**Exercise description**:
Each line of the records that follow must come back exactly, with pictures skipped.
==*==
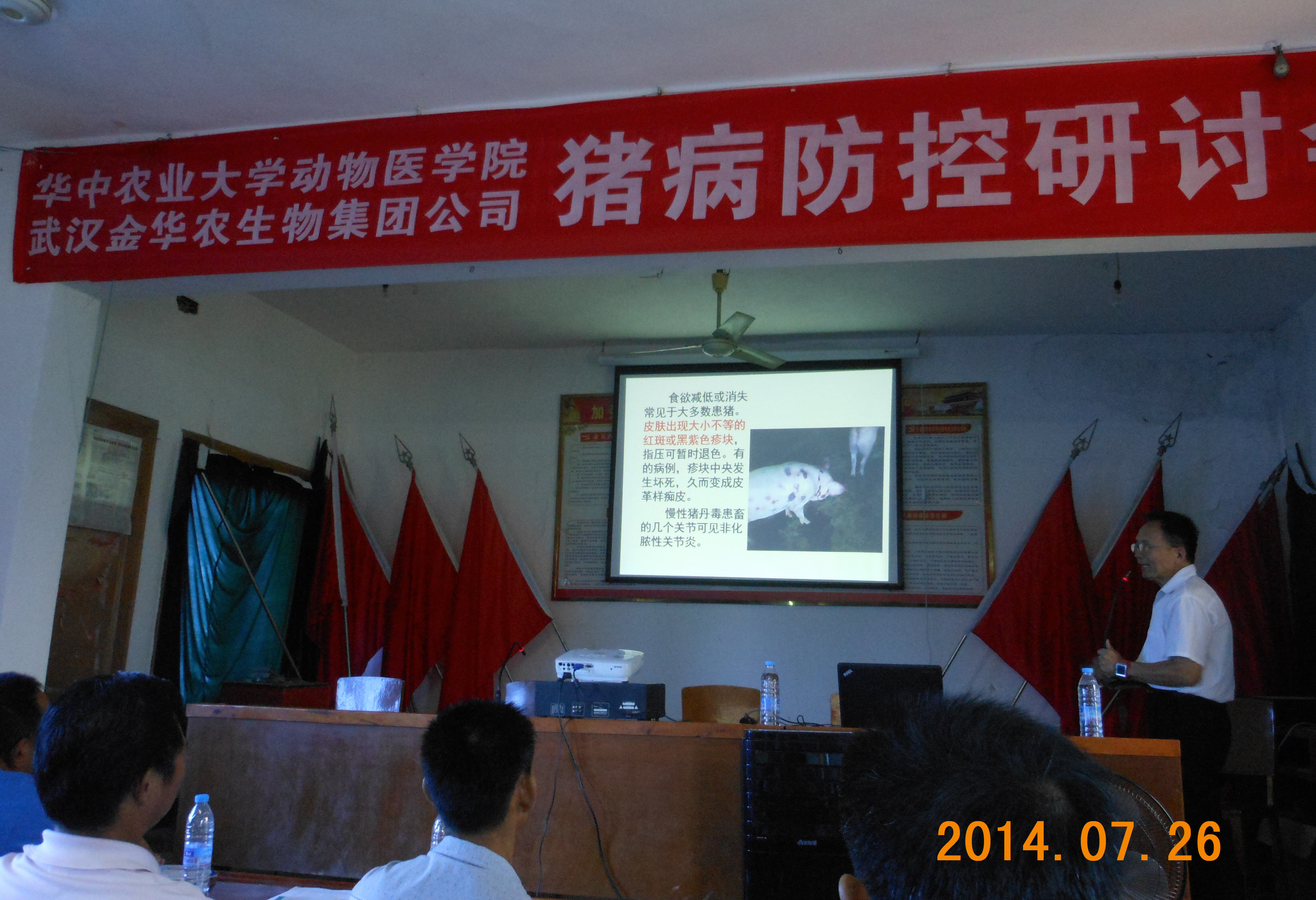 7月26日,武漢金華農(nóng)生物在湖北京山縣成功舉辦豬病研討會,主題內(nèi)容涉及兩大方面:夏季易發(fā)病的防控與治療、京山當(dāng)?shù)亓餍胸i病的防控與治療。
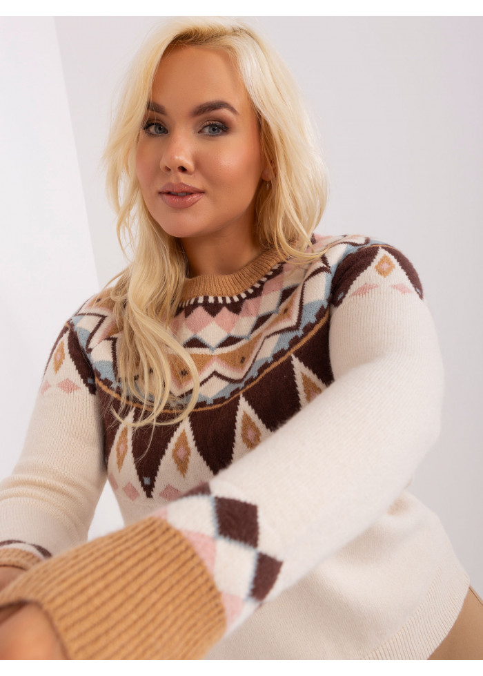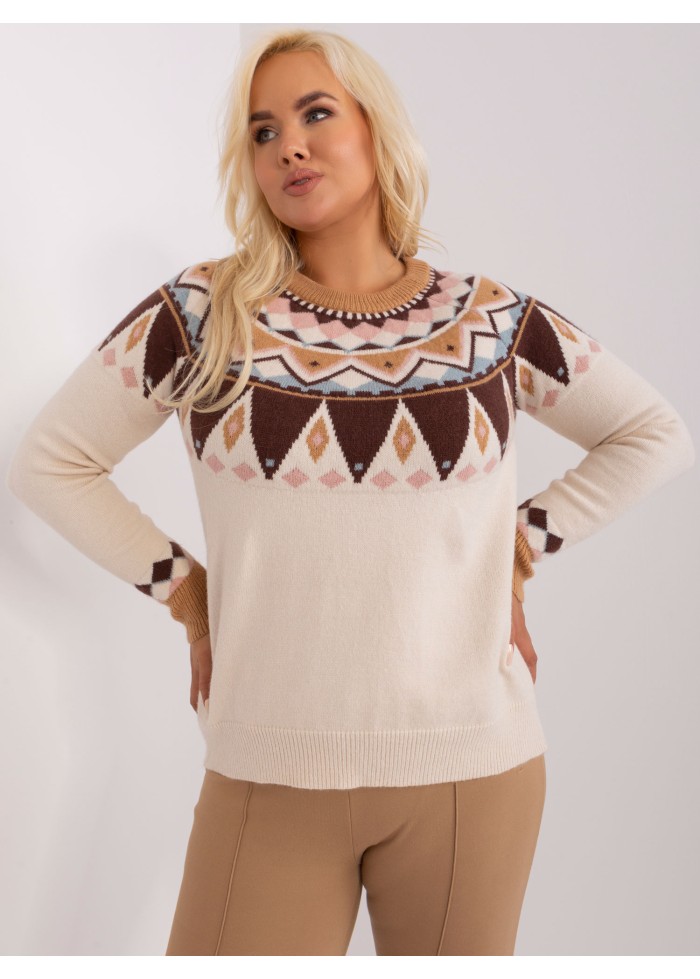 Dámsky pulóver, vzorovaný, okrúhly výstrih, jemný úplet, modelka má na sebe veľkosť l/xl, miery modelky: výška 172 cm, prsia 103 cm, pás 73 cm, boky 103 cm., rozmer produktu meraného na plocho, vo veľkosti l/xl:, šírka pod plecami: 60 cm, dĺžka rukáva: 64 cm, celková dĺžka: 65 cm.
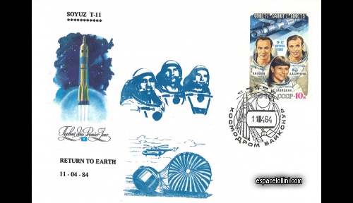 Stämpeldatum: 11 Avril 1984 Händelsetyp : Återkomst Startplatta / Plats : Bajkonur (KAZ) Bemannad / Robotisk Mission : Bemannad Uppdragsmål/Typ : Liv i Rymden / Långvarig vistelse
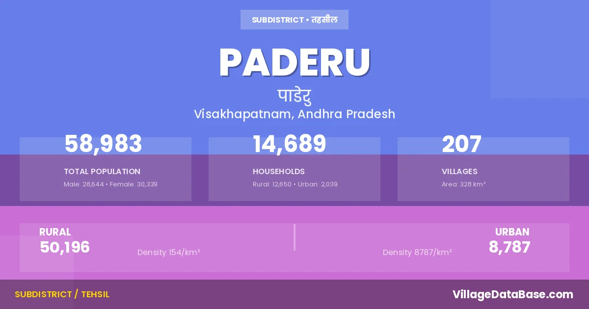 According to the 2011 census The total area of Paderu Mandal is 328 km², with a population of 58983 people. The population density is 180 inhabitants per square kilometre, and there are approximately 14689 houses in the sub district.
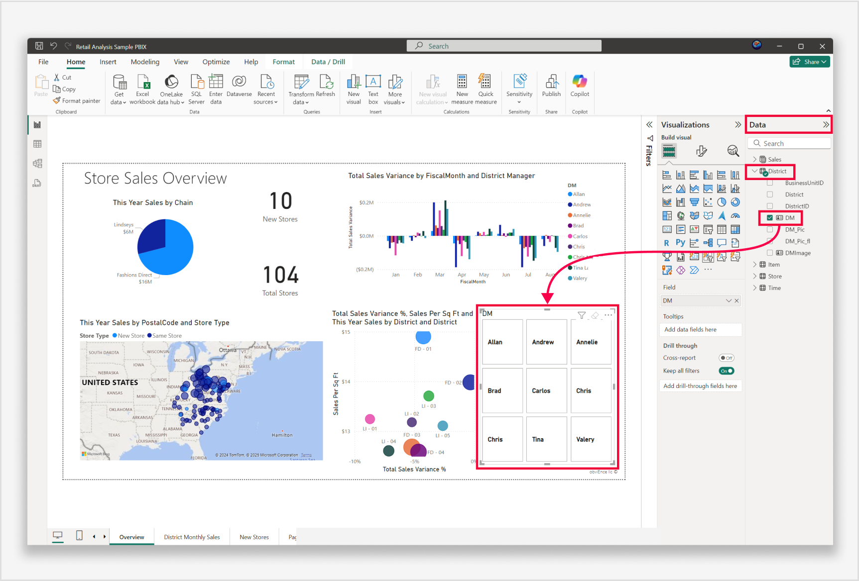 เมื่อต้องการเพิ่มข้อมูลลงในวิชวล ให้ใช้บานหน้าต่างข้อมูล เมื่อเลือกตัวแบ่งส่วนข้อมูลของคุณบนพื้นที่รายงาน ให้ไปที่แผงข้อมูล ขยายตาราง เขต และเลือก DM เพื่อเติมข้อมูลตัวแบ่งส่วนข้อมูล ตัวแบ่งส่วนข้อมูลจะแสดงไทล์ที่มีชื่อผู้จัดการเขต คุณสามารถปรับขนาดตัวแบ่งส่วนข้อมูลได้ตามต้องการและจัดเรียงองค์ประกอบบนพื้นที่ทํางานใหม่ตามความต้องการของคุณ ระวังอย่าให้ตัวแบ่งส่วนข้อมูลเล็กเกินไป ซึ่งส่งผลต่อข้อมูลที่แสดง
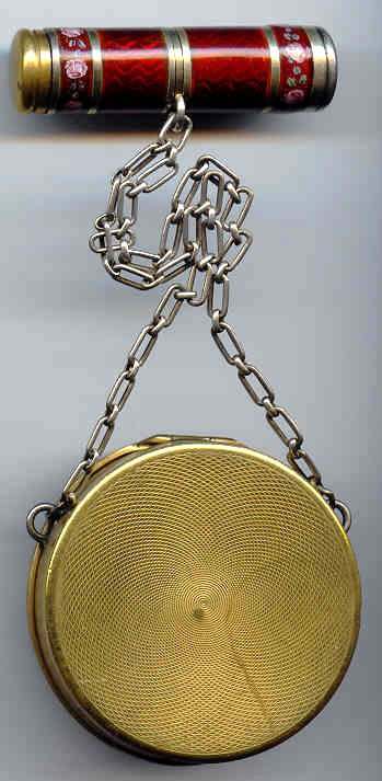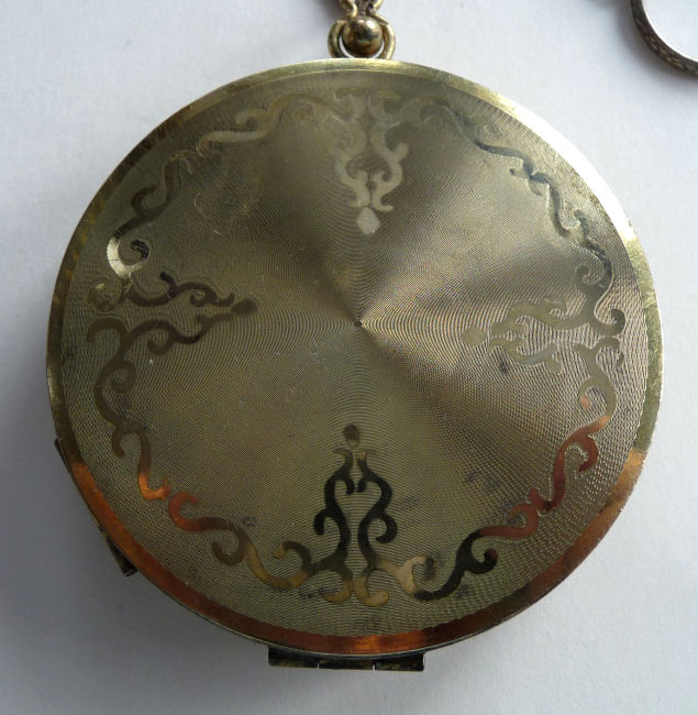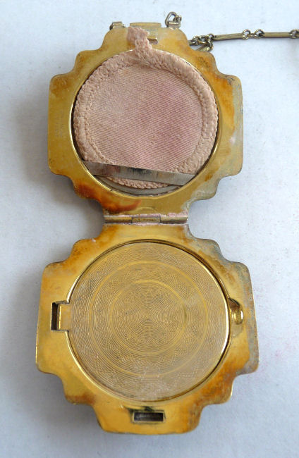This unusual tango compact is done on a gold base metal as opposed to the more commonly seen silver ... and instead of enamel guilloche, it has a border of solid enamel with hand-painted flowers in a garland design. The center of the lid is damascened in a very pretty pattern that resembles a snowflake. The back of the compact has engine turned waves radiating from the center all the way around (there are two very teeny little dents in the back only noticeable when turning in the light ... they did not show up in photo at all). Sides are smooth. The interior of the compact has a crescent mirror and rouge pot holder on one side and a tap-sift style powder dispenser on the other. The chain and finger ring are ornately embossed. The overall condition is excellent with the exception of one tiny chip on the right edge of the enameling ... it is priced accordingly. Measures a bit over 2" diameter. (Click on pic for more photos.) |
==*==
**Output of the task**:
 7月26日,武漢金華農(nóng)生物在湖北京山縣成功舉辦豬病研討會,主題內(nèi)容涉及兩大方面:夏季易發(fā)病的防控與治療、京山當(dāng)?shù)亓餍胸i病的防控與治療。
 Dámsky pulóver, vzorovaný, okrúhly výstrih, jemný úplet, modelka má na sebe veľkosť l/xl, miery modelky: výška 172 cm, prsia 103 cm, pás 73 cm, boky 103 cm., rozmer produktu meraného na plocho, vo veľkosti l/xl:, šírka pod plecami: 60 cm, dĺžka rukáva: 64 cm, celková dĺžka: 65 cm.
 Stämpeldatum: 11 Avril 1984 Händelsetyp : Återkomst Startplatta / Plats : Bajkonur (KAZ) Bemannad / Robotisk Mission : Bemannad Uppdragsmål/Typ : Liv i Rymden / Långvarig vistelse
 According to the 2011 census The total area of Paderu Mandal is 328 km², with a population of 58983 people. The population density is 180 inhabitants per square kilometre, and there are approximately 14689 houses in the sub district.
 เมื่อต้องการเพิ่มข้อมูลลงในวิชวล ให้ใช้บานหน้าต่างข้อมูล เมื่อเลือกตัวแบ่งส่วนข้อมูลของคุณบนพื้นที่รายงาน ให้ไปที่แผงข้อมูล ขยายตาราง เขต และเลือก DM เพื่อเติมข้อมูลตัวแบ่งส่วนข้อมูล ตัวแบ่งส่วนข้อมูลจะแสดงไทล์ที่มีชื่อผู้จัดการเขต คุณสามารถปรับขนาดตัวแบ่งส่วนข้อมูลได้ตามต้องการและจัดเรียงองค์ประกอบบนพื้นที่ทํางานใหม่ตามความต้องการของคุณ ระวังอย่าให้ตัวแบ่งส่วนข้อมูลเล็กเกินไป ซึ่งส่งผลต่อข้อมูลที่แสดง
This unusual tango compact is done on a gold base metal as opposed to the more commonly seen silver ... and instead of enamel guilloche, it has a border of solid enamel with hand-painted flowers in a garland design. The center of the lid is damascened in a very pretty pattern that resembles a snowflake. The back of the compact has engine turned waves radiating from the center all the way around (there are two very teeny little dents in the back only noticeable when turning in the light ... they did not show up in photo at all). Sides are smooth. The interior of the compact has a crescent mirror and rouge pot holder on one side and a tap-sift style powder dispenser on the other. The chain and finger ring are ornately embossed. The overall condition is excellent with the exception of one tiny chip on the right edge of the enameling ... it is priced accordingly. Measures a bit over 2" diameter. (Click on pic for more photos.) |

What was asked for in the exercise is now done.